Another excellent source for more specialized and obscure ufuncs is the submodule scipy.special. If you want to compute some obscure mathematical function on your data, chances are it is implemented in scipy.special. There are far too many functions to list them all, but the following snippet shows a couple that might come up in a statistics context:

In [31]:
from scipy import special

In [32]:
# Gamma functions (generalized factorials) and related functions
x = [1, 5, 10]
print("gamma(X) =", special.gamma(x))
print("ln|gamma(x)| =", special.gammaln(x))
print("beta(x, 2)   =", special.beta(x, 2))

gamma(X) = [1.0000e+00 2.4000e+01 3.6288e+05]
ln|gamma(x)| = [ 0.          3.17805383 12.80182748]
beta(x, 2)   = [0.5        0.03333333 0.00909091]


In [33]:
# Error function (integral of Gaussian)
# its complement, and its inverse
x = np.array([0, 0.3, 0.7, 1.0])
print("erf(x)  =", special.erf(x))
print("erfc(x) =", special.erfc(x))
print("erfinv(x) =", special.erfinv(x))

erf(x)  = [0.         0.32862676 0.67780119 0.84270079]
erfc(x) = [1.         0.67137324 0.32219881 0.15729921]
erfinv(x) = [0.         0.27246271 0.73286908        inf]


## Advance Ufunc Features
### Specifying output
For large calculations, it is sometimes useful to be able to specify the array where the result of the calculation will be stored. Rather than creating a temporary array, this can be used to write computation results directly to the memory location where you'd like them to be. For all ufuncs, this can be done using the out argument of the function:

In [37]:
x = np.arange(5)
y = np.empty(5)
np.multiply(x, 10, out=y)
print(y)

[ 0. 10. 20. 30. 40.]


In [38]:
# With array views
y = np.zeros(10)
np.power(2, x, out=y[::2])
print(y)

[ 1.  0.  2.  0.  4.  0.  8.  0. 16.  0.]


If we had instead written `y[::2] = 2 ** x`, this would have resulted in the creation of a temporary array to hold the results of 2 ** x, followed by a second operation copying those values into the y array. This doesn't make much of a difference for such a small computation, but for very large arrays the memory savings from careful use of the out argument can be significant.

### Aggregates
For binary ufuncs, there are some interresting aggregates that can be computed directly from the object. For example, if we'd like to reduce an array with a particular operation, we can use the `reduce` method of any ufunc.
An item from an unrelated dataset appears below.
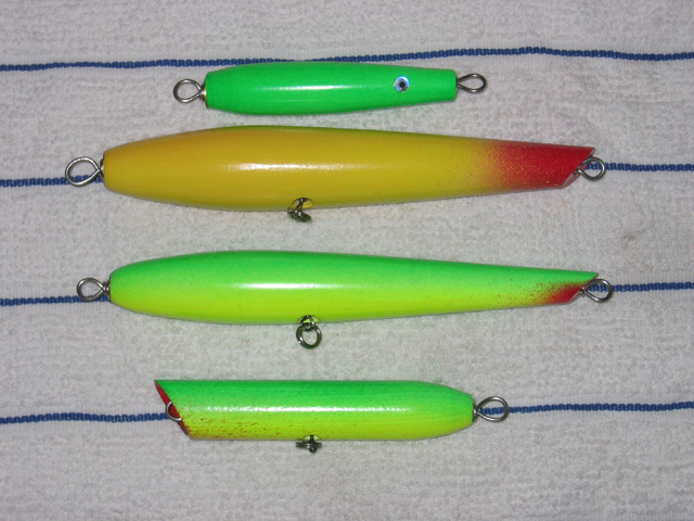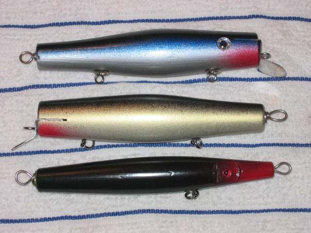 Mike great looking plugs love the spook .. I got Capesams one like that exactly almost .. Slip great plugs ,, I know they catch .. I seen you down there .. I'm making the Predators out of white pine .. love the stuff .. smells like christmas ,,, darters are hardmaple .. handcarves basswood and rock maple .. I have a love/hate thing going with ayc ..Great for plugs ,,bad for me .. been back in forth with it enough to know its the wood giving me headaches that I never usaully get .. I don't wear a respirator either .. just full face sheild to preserve my good looks ... I need more wood ... Off to Downes and Reader to give them all my cash and pray the tally man don't rob me too bad .

A reduce repeatedly applies a given operation to the elements of an array until only a single result remains. 

For example, calling reduce on the `add` ufunc returns the `sum` of all elements in the array:

In [40]:
x = np.arange(1, 6)
np.add.reduce(x)

15

Similarly, calling `reduce` on the `multiply` ufunc results in the product of all array elements:

In [41]:
np.multiply.reduce(x)

120

If we'd like to store all the intermediate results of the computation, we can instead use `accumulate`:

In [42]:
np.add.accumulate(x)

array([ 1,  3,  6, 10, 15], dtype=int32)

In [43]:
np.multiply.accumulate(x)

array([  1,   2,   6,  24, 120], dtype=int32)

## Outer products

Finally, any ufunc can compute the output of all pairs of two different inputs using the outer method. This allows you, in one line, to do things like create a multiplication table:

In [45]:
x = np.arange(1, 6)
np.multiply.outer(x, x)

array([[ 1,  2,  3,  4,  5],
       [ 2,  4,  6,  8, 10],
       [ 3,  6,  9, 12, 15],
       [ 4,  8, 12, 16, 20],
       [ 5, 10, 15, 20, 25]])